Wards! Martius gasped, the heart-pounding heaviness of dismay adding metric tons to his stomach and leaving a nauseous, desiccated dread in his mouth. Damned wizards!

Just before the impact, however, the giant Altmeri behemoth jerked away suddenly. The gesture was more akin to powerful hunters in the wild, and it generally played out in two phases. The first phase consisted of the predator toying with its prey with a series of taunting feints designed to instill a severe dread that kept the target on the run, panicked beyond all reason and constantly on the lookout for a means of escape, however irrational or impossible. In the midst of this confusion, the predator expected the prey's immediate panic to encourage it to act rashly, resulting in a gravely erroneous mistake that left the target vulnerable to a gruesome coup-de-grace.

Unlike such a natural predator, though, the leviathan ship loomed over the sea with a posture that implied an intent much worse than to kill. As the malachite-reinforced hull flew past the Charity of Stendarr's side, he saw several shadows vaulting over the armored lip of the hulk via specially rigged ropes and magic spells.
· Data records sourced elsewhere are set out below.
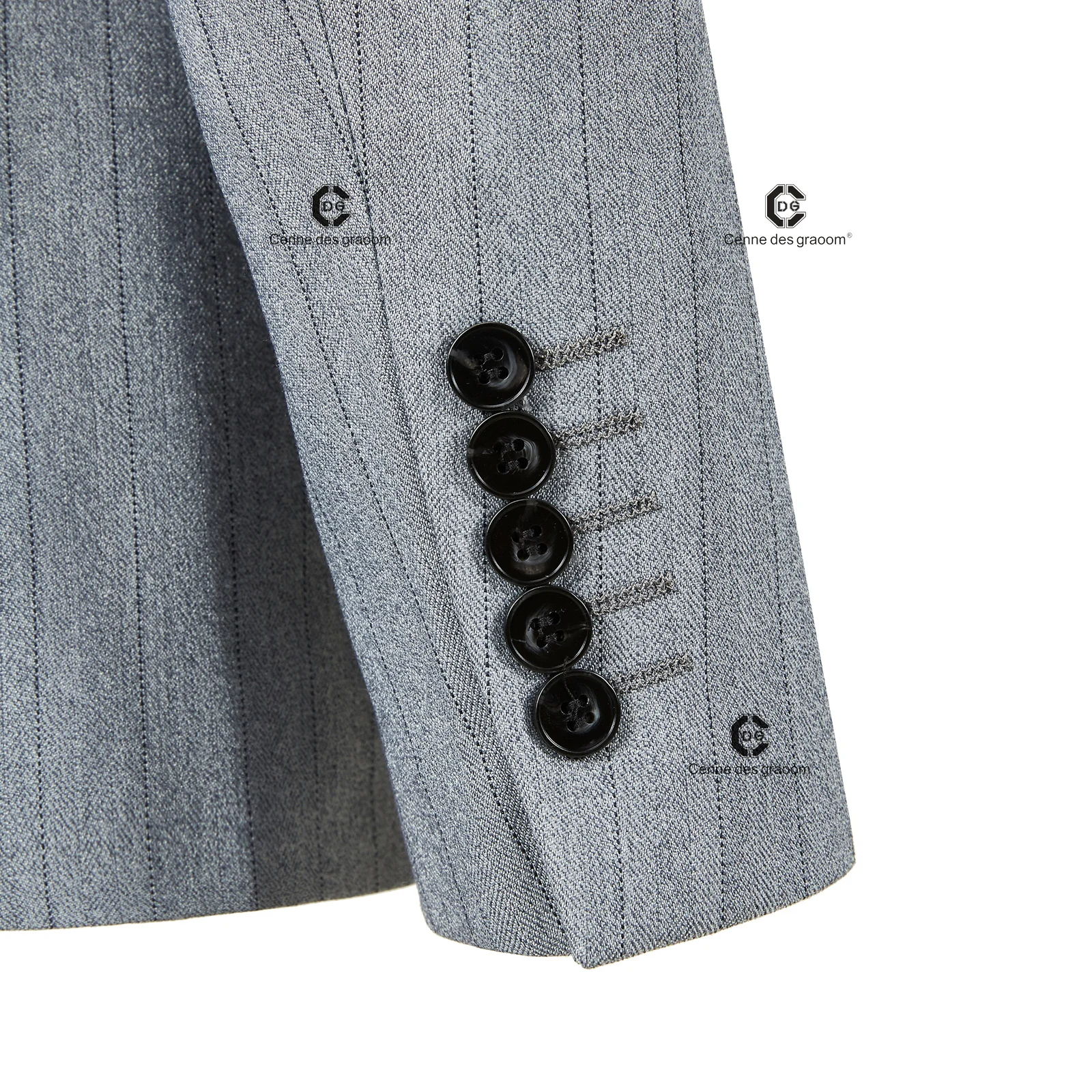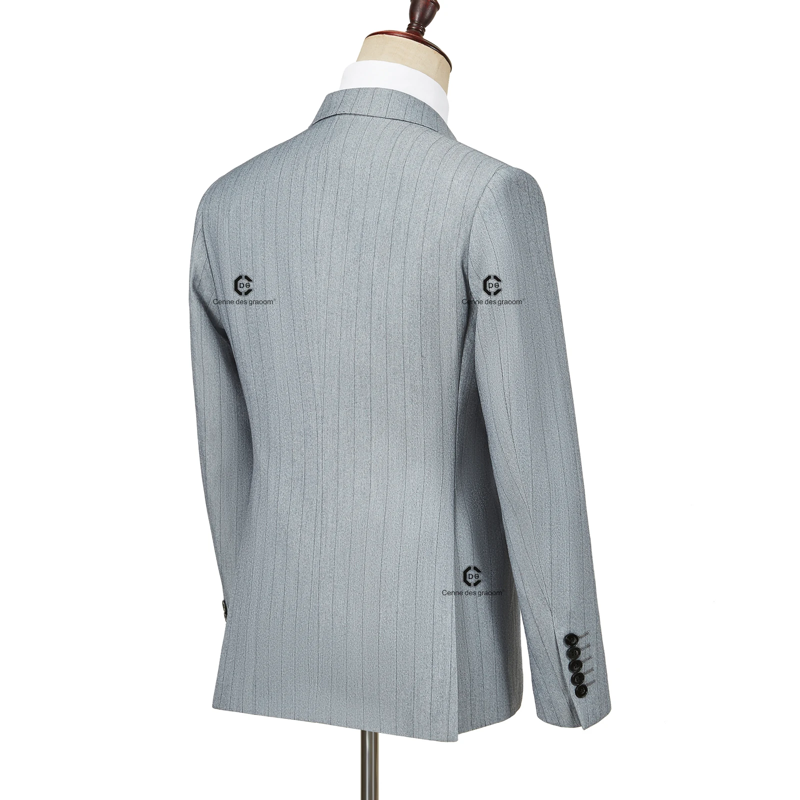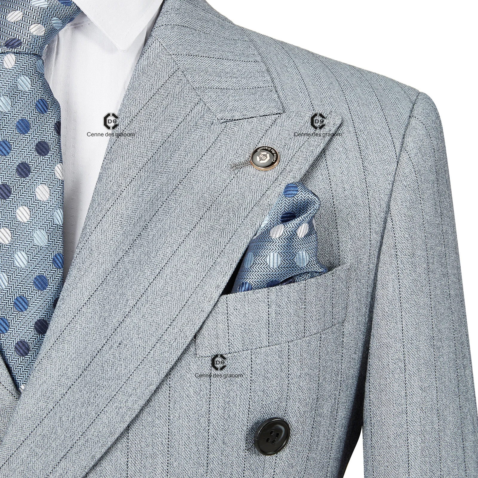 Cenne Des Graoom 2026 Blue Stripe Men Suits Double-Breasted Tailor-Made 2 Piece Set Jacket Pants Business Meeting Wedding Party
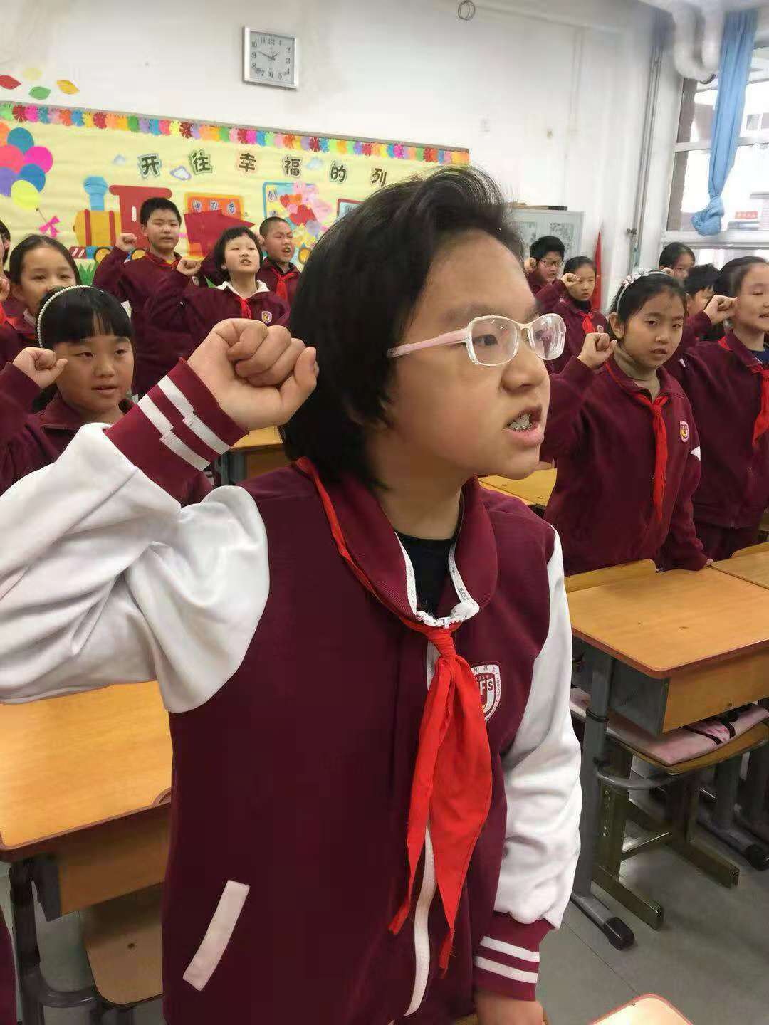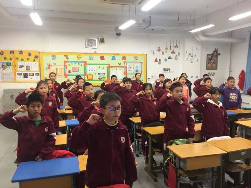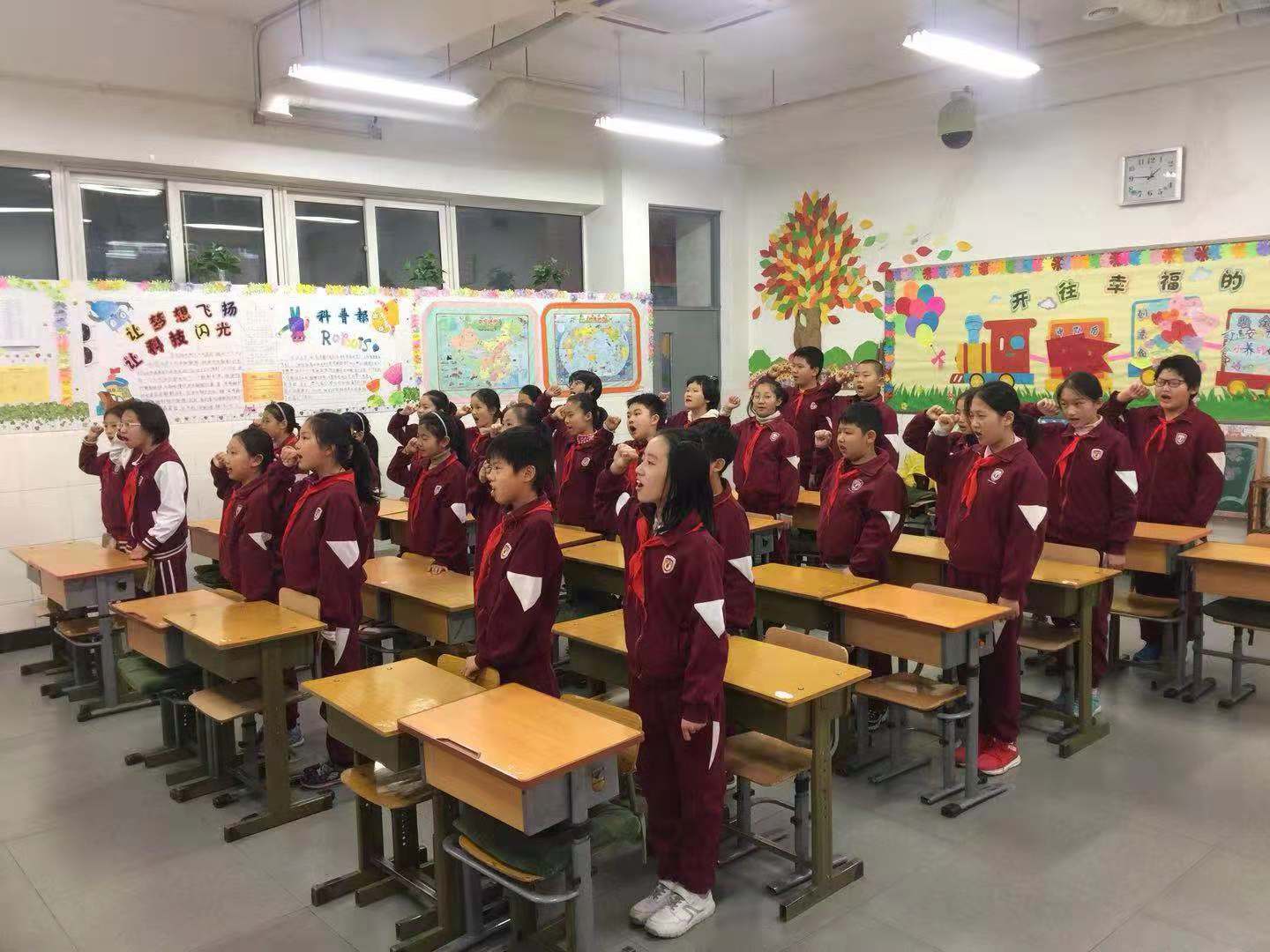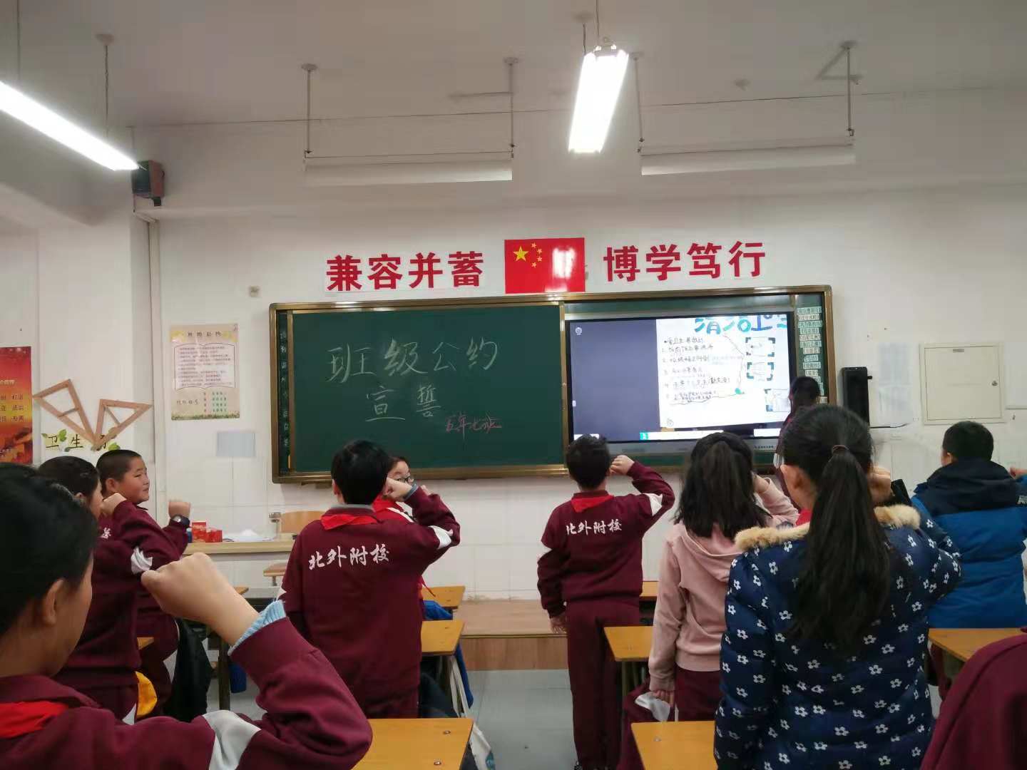 今天北外附校小学五年级在下午第一节少先队活动课上,进行了班级公约的宣誓。
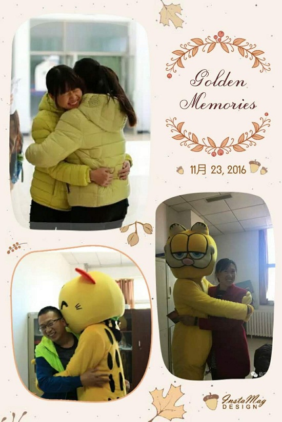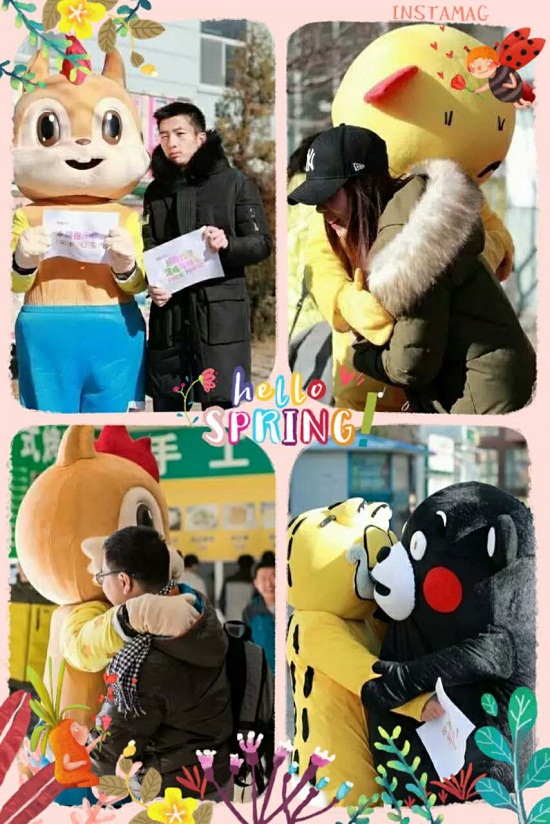 活動伊始,經(jīng)濟管理系的吉祥物在食堂門口,迎接來往人群的擁抱。一個個溫暖的擁抱,一張張燦爛的笑顏,讓寒風也變得好像有了溫度。同學們來到明德樓,認真的抱抱老師,感謝他們的諄諄教誨;來到宿舍樓,真誠的抱抱宿管阿姨,感恩他們無微不至的關(guān)懷;來到食堂,深情的抱抱食堂大媽,謝謝他們的無私奉獻……活動得到了師生們的積極參與,相互擁抱的人越來越多,也讓大家的心里倍感溫暖。

The shadows had not even hit the deck when a few of the Charity of Stendarr's crew howled a frightful warning in the midnight air.

"We're being boarded!"

Martius's knees quivered fearfully as he raced to the safety of the lower decks. He glanced left and right through every dark corner and crevice of his path, the hairs on his neck standing on end when the sound of clashing swords, flying arrows, and arcane spells amplified from an ominous murmur to a chaotic cacophony. He watched a handful of his fellow Vigilants pour from the far side of the bow, weapons and spells readied as they charged a group of wood elves led by a trio of high elven sorcerers. Occasionally, he even had to shield himself from flying bodies, throwing them off himself with his arms whenever they tried to tackle him in a stiff, cold bear hug. Scanning through the fray, he found the doors to the lower decks.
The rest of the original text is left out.